Table 1 A comparison of this chapter and previous surveys on human motion analysis and crowd video analysis

The goal of this survey is to review and organise the state-of-the-art methods in the domain of crowd video analysis such that their main focus becomes apparent. To achieve this, we have divided the research on crowd video analysis into three broad categories: macroscopic modelling, microscopic modelling and crowd event detection. The methods related to each task are further divided into sub-categories and a comprehensive description of representative methods is provided. In addition, we identify challenges and future directions for analysing a crowded scene. We believe this will help readers, especially newcomers to this area, to understand the major tasks of a crowded scene analysis system and hope to motivate for the development of new methods.

2 Macroscopic Modelling

In order to learn the typical motion patterns in a crowded scene, macroscopic observation-based methods utilise holistic properties of the scene such as motions in local spatio-temporal cuboid or instantaneous motion are utilised. It is also the preferred method in tracking and analysing the behaviour of both sparse and dense crowd using the following properties such as: density, velocity and flow [31]. Figure 1 depicts detailed various features available for use in macroscopic modelling and the techniques initialising those features.

Fig. 1
figure 1

A schematic illustration of the topics involved in macroscopic crowd video analysis

2.1 Optical Flow Feature

Optical flow is a dense field of instantaneous velocities computed between two consecutive frames commonly used in extracting motion features [23]. Given a video of a crowded scene, the first step is to segment the input video into smaller video clips and compute pixel-wise optical flow between consecutive frames of each clip using the techniques in [11, 23, 49]. The extracted flow vectors may contain noise and redundant information. In order to reduce the computational cost and remove noise, researchers utilise unsupervised (Andrade et al. [6, 7] and Yang et al. [81]) or supervised (Hu and Shah [26, 27]) dimensional reduction techniques. Subsequently, the next step is to find the representative motion patterns of the scene by merging flow vectors from all video frames. Referring back to Fig. 1, it can be seen that the motion features extracted from the optical flow can be utilised for motion pattern extraction such as: Sink Seeking Process, Optical Flow Clustering, Interaction Force Modelling, Local Spatio-temporal Motion Variation Modelling, and Spatio-temporal Gradient feature whereby the methods can be used separately or integrated with one another to obtain the desired crowd analysis.

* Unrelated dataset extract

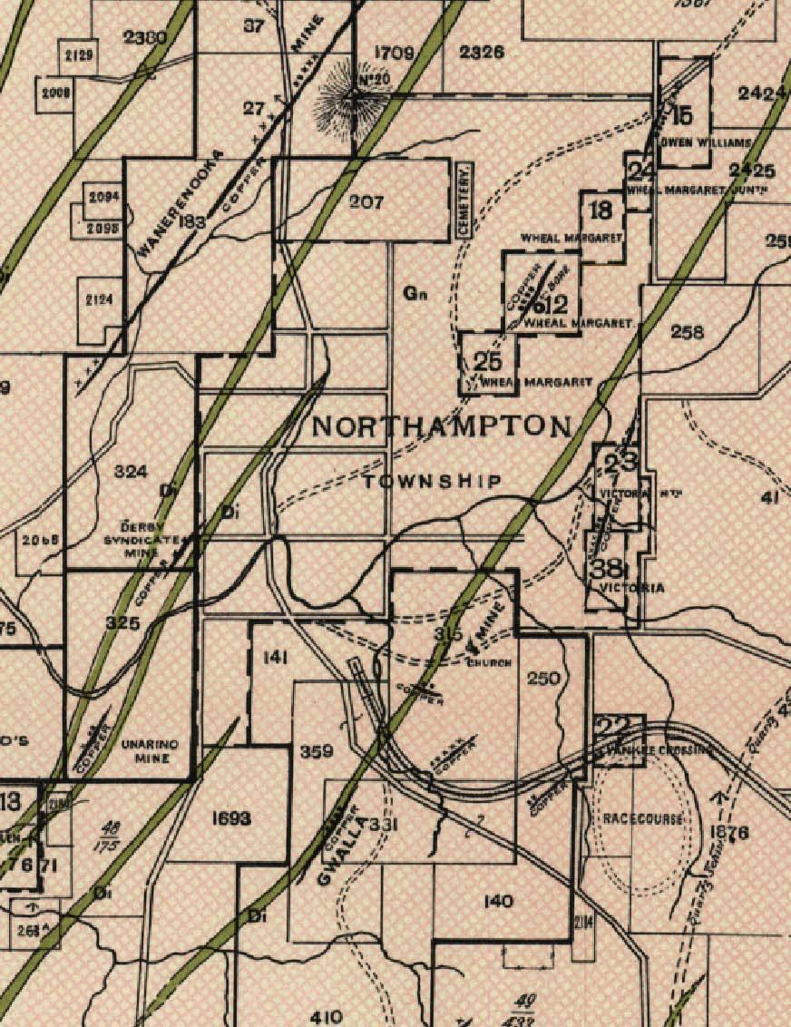 Most of the 80 or so mines worked in the Northampton field were discovered before 1890. About a quarter of these were worked principally for copper and the remainder for lead, or in a couple of cases, for both metals. The mineralisation filled open fissures and fault breccias formed mainly on north-northeast striking faults cutting garnet granulite and gneiss. Many of the lodes followed the contacts of dolerite dykes intruded along the same NNE fracture system, but predating the mineralisation by at least 100 million years (Richards et al., 1985).

2.1.1 Sink Seeking Process

In the sink seeking process, a grid of particles is overlaid on the first frame of the video clip and advected using a numerical scheme. The path taken by a particle to its final position is called a sink path and thus, the process of finding sinks (exits) and sink paths is called a sink seeking process. Hu and Shah [26, 27] carry out sink seeking process for each particle and thus generate one sink path per particle. These sinks and sink paths are later clustered to extract the dominant motion paths of the scene using an iterative clustering algorithm. On the other hand, Ali and Shah [3] generate a static floor field where each particle holds a value that represents the minimum distance to the nearest sink form its current location. Ali and Shah impose the static floor field together with dynamic and boundary floor field as constraints for tracking algorithm [4].

2.1.2 Optical Flow Clustering

Andrade et al. [6, 7] model the principal components of the optical flow vectors in each video clip using Hidden Markov Models. Then, video segments which have similar motion pattern are grouped together using the spectral clustering method. The resulting clustered video segments are modelled using a chain of HMMs to represent the typical motion pattern of the scene. The emergency events in the monitored scene are detected by finding deviations from the obtained model.

Instead of the spatial segmentation of each video frame, the other approach is to cluster optical flow vectors by spatial grouping as in [64]. Imran et al. [64] proposed to cluster optical flow vectors in each video clip into N Gaussian mixture components. Then, these Gaussian components are linked over time using a fully connected graph. The connected component analysis of the graph is performed to discover different motion patterns. However, their method still faces the problem of having to determine how many components should there be in the mixture.

2.1.3 Interaction Force Modelling

In addition to learning dominant motion patterns, the optical flow vectors obtained can also be used to model interaction forces of a crowd, and then use the model to detect the stability of the crowd. For example, Mehran et al. [53] employ the optical flow vectors to model pedestrian motion dynamics using a social force model. Social force models [22] have been used in many studies in computer graphic fields for creating animations of the crowd [54]. In this model, the motions of pedestrians are modelled with two forces: a personal desire force and an interaction force. The interaction force is defined as an attractive and repulsive force between pedestrians. In [53], an interaction force between pedestrians is estimated based on optical flow computed over a grid of particles. The normal pattern of this force is later used to model the dynamics of a crowded scene and detect abnormal behaviours in crowds.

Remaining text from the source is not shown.